6 V. Cell division A. Cells determine that it is the correct time to divide: cells monitor the DNA replication process and other cell parameters and permit division when conditions are adequate. B. The dividing cell separates into two distinct envelope-bounded cells. One cell can divide into two by either generating a ring of constriction in the cell envelope that eventually pinches the cell in two, or by forming a new region of cell envelope (the septum) at a mid-point within the cell that partitions it into two cells. When the division process is disrupted with low concentrations of drugs that inhibit peptidoglycan formation, long or oddly shaped cells often result.

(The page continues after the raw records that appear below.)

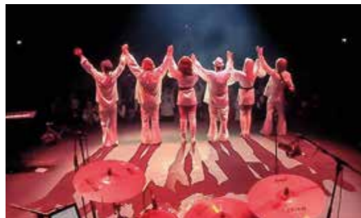
ABBA - Name of the Game Friday 14 th June

All our Tribute & Theme nights include a 3 course meal, entertainment and disco until midnight. £40.00 per person
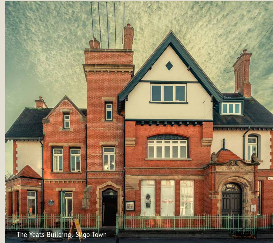
The Yeats Building, Sligo Town

The implementation of the Sligo DEDP is based on stakeholder commitment to project delivery and is structured around an action plan approach. Key stakeholders will take ownership or partner on the delivery of the key tasks required to implement the Sligo DEDP. It represents a five-year operational plan providing a commercial destination development focus building on existing project plans and integrating all related activity for a co-ordinated series of outputs. This includes projects that are being implemented, projects featured in existing plans and new concepts to build the destination's capacity for new visitor experience development.
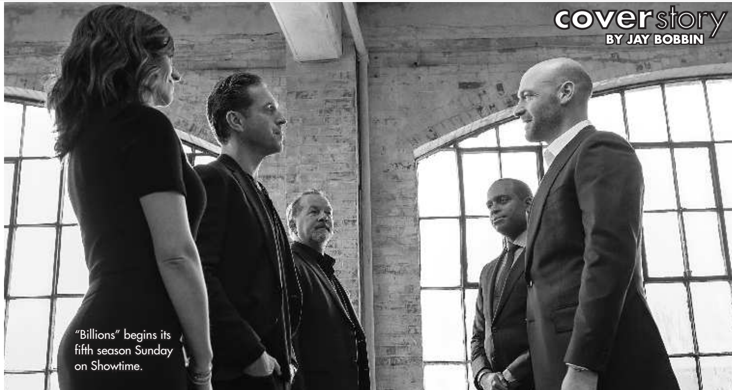
"Billions" begins its fifth season Sunday on Showtime.

"Billions" is about to give Maggie Siff a considerable payoff.
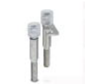
Switching jumper, Color: silver
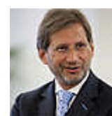
Dr. Johannes HAHN European Commissioner for Regional Policy
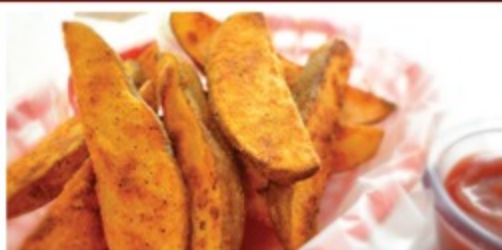
SN012. Potato Wedges RM 16.50
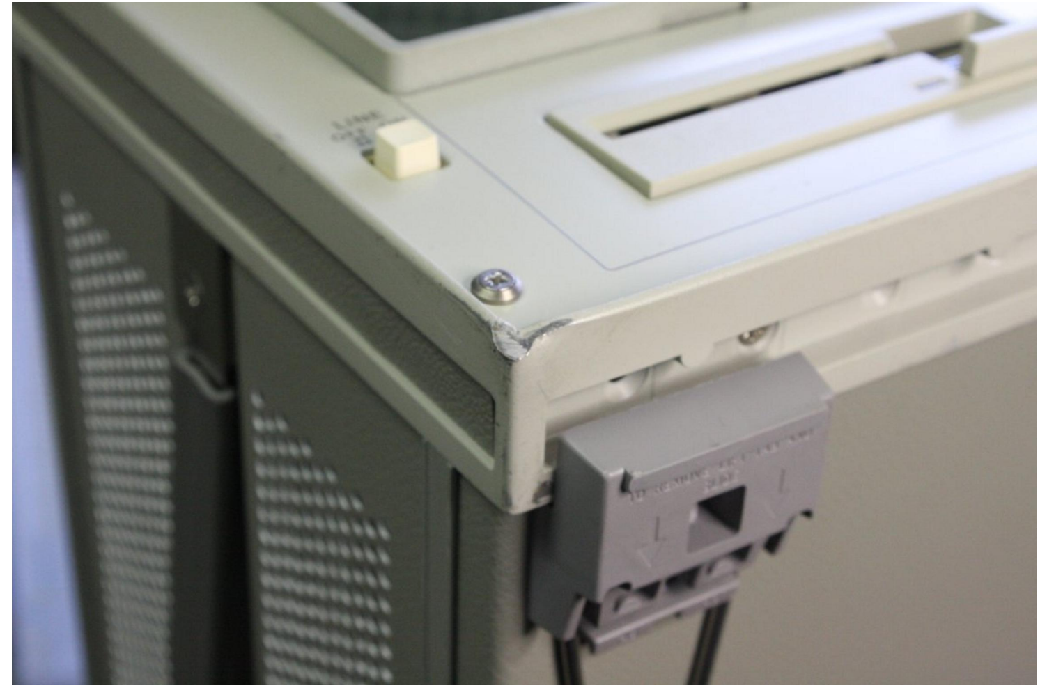
Box cardboard penetration from the lower left ding.
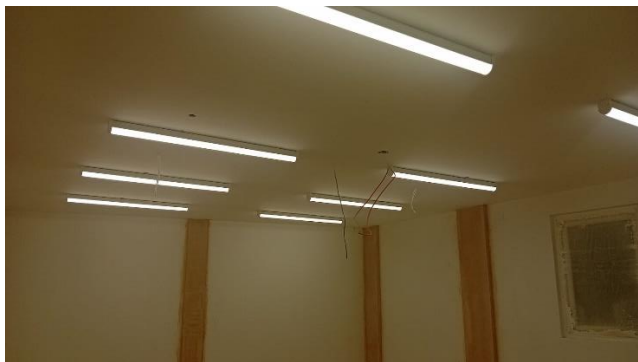
The image above shows the lights fitted in a classroom.
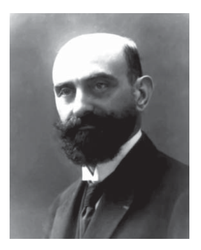
Fig. 2. René Cruchet (1875–1959) (private collection).

Like many of their colleagues, Guillain and Barré performed an in-depth study of spinal cord injuries. The considerable mortality associated with these injuries led the pair to emphasise early management, including systematic surgical ex-
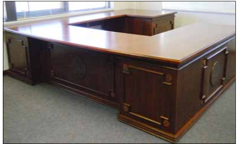
IPI Fort Madison continues to produce beautiful custom wood pieces such as this desk designed and built for the Iowa National Guard.

us to set up our production shops in the most efficient manner. The building is old, drafty and would need a complete makeover. With the new building, we
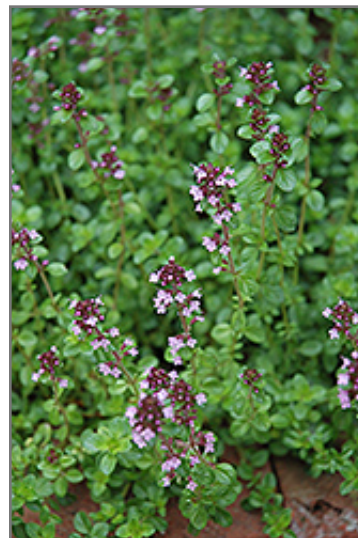
Broadleaf Thyme flowers

This is a dense herbaceous evergreen perennial herb with a spreading, ground-hugging habit of growth. It brings an extremely fine and delicate texture to the garden composition and should be used to full effect. This plant will require occasional maintenance and upkeep, and is best cleaned up in early spring before it resumes active growth for the season. Deer don't particularly care for this plant and will usually leave it alone in favor of tastier treats. Gardeners should be aware of the following characteristic(s) that may warrant special consideration;
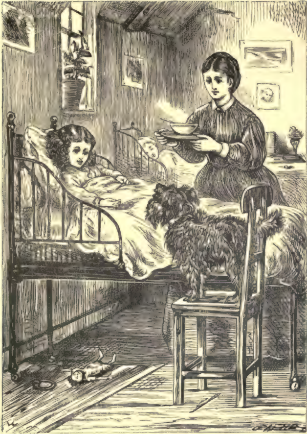
Poodle's going the Round.
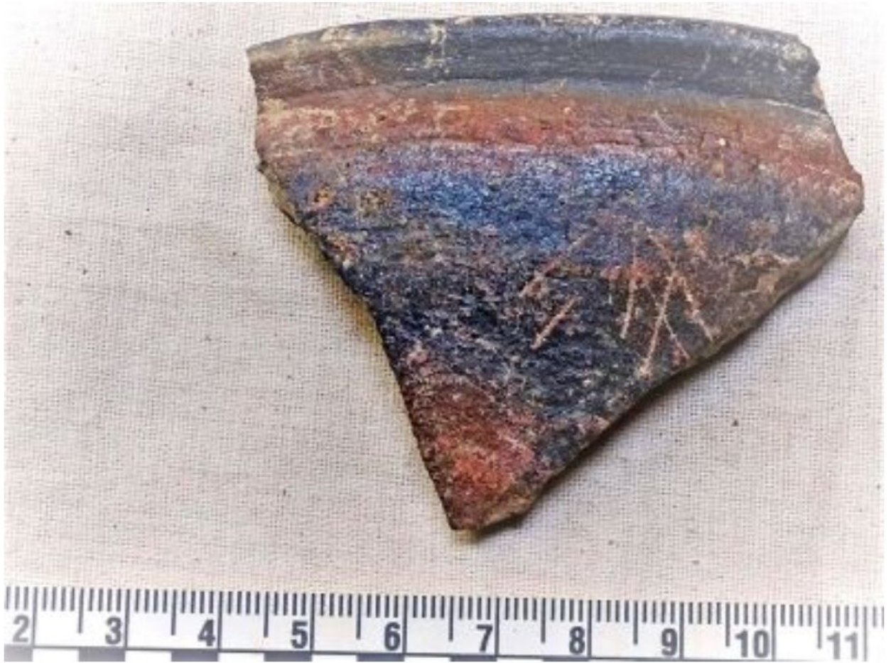
Black and red ware pottery with fish graffiti.

The excavation at Keezhadi has been carried out at two localities in the farm.
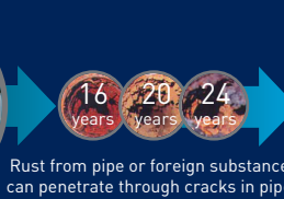
Rust from pipe or foreign substances can penetrate through cracks in pipes
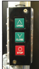
Nema 1 3 Button Controller
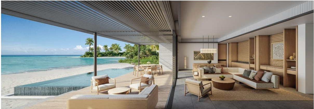
New Two-Bedroom Villas Living Room and Pool Deck

Set along the powder-soft shores of the all-natural island, the expansive Two-Bedroom Beach Pool Villa spans 265 square meters of seamless indoor-outdoor living space, providing an ideal retreat for families or group of friends travelling together.
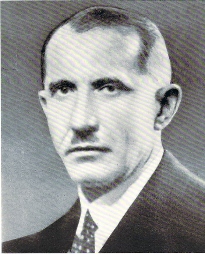
Evhen Konovalts (b. 14. 6. 1891, d. 23. 5. 1938) Colonel, Commander-in-Chief of the "Sichovi Striltsi" corps of the Ukrainian Army; founder and head of the Ukrainian Military Organization (UVO) and of the Organization of Ukrainian Nationalists (OUN); murdered by an NKVD agent in Rotterdam.
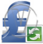
Sign Pound - Blue Refresh.png
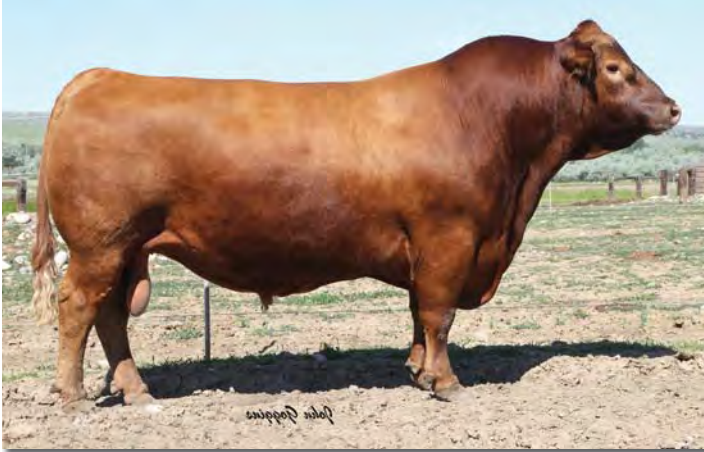
Reference Sire A
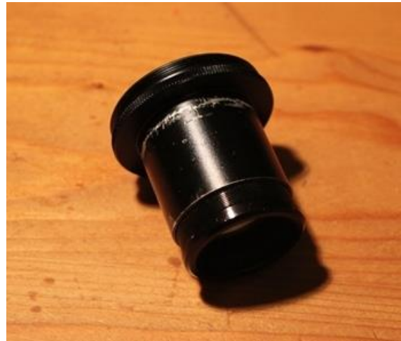
Figure 10 – T adaptor and lens assembled
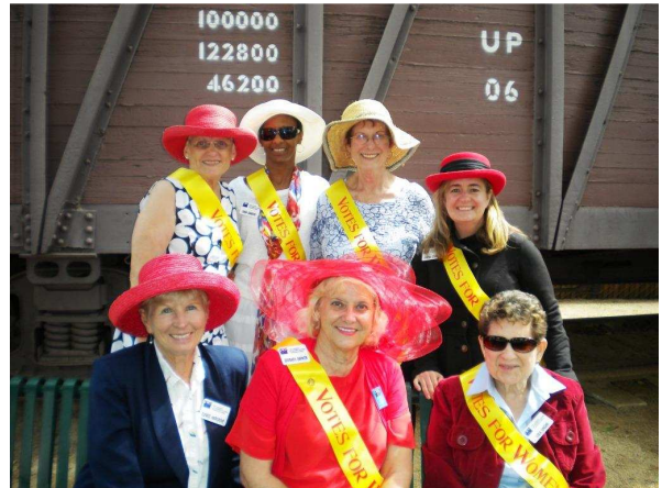
League members were given special attention for the 100th Anniversary of California Women's Right to vote when they attended the Lomita Railroad Museum Foundation Annual Tea on Sunday, May 22
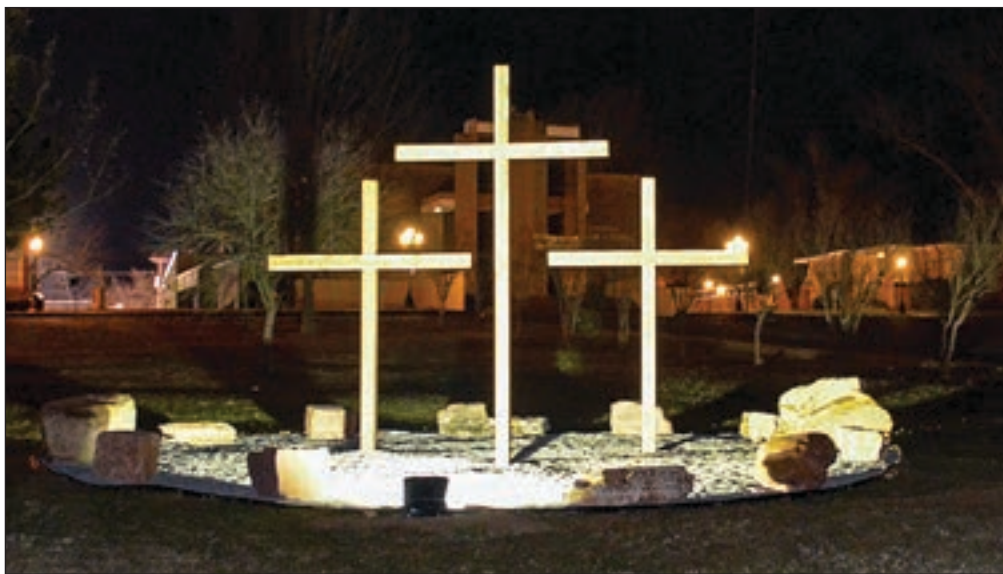
▲ Completed display of crosses at night on the Jacksonville College campus

If Jacksonville College is to be of any value, it must also have revival. During this Easter season, please pray for revival on our campus and across our nation.
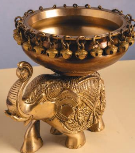
Brass Elephant Urli - Antique Finish 7.5" ₹ 7,500

7 Pretest. Answer these questions on your own before coming to the POPS session. Begin the session by comparing your answers with those of the other members of your group. When you have discussed the answers within your group, alert your TA. 1) a. Cells need specific enzymes to survive in an oxygen-containing environment. What are the cells protecting themselves against? b. What are these enzymes and what do they do? 2) a. What is the major environmental requirement for fermentation? b. What are the environmental requirements for respiration? c. Is one a more efficient way to generate energy than the other? 3. Describe a mechanism for sequestering iron when it is limiting in the host. 4. What is a multidrug efflux system, and why is it especially problematical for treatment of bacterial disease? 4. a. What is the target of lysozyme? b. Name two ways in which the peptidoglycan is important to bacteria. 5. a. What are the major components of the Gram-positive envelope? b. Structurally, the Gram-negative envelope appears very different than the Gram-positive envelope. What are the major reasons for this? c. What component of the outer membrane is toxic? d. What component of the Gram-negative envelope is most useful diagnostically? Problems. The person already assigned to each question will begin the discussion for that question, and direct it so that it makes efficient use of the available time. Problem I. Drug X causes rod-shaped bacteria to round up and become sensitive to osmotic shock, but has no effect on eukaryotic cells. When the treated bacteria are analyzed for the levels of total proteins, lipids, and peptidoglycan-related peptides and sugars, they are all roughly normal. The drug has this effect on both Gram-positive and Gram-negative bacteria, although it is more effective against Gram-positive than Gram-negative bacteria. 1) What structure is the most likely target for this drug? 2) Why would the drug have these effects on cell morphology and sensitivity to osmotic shock?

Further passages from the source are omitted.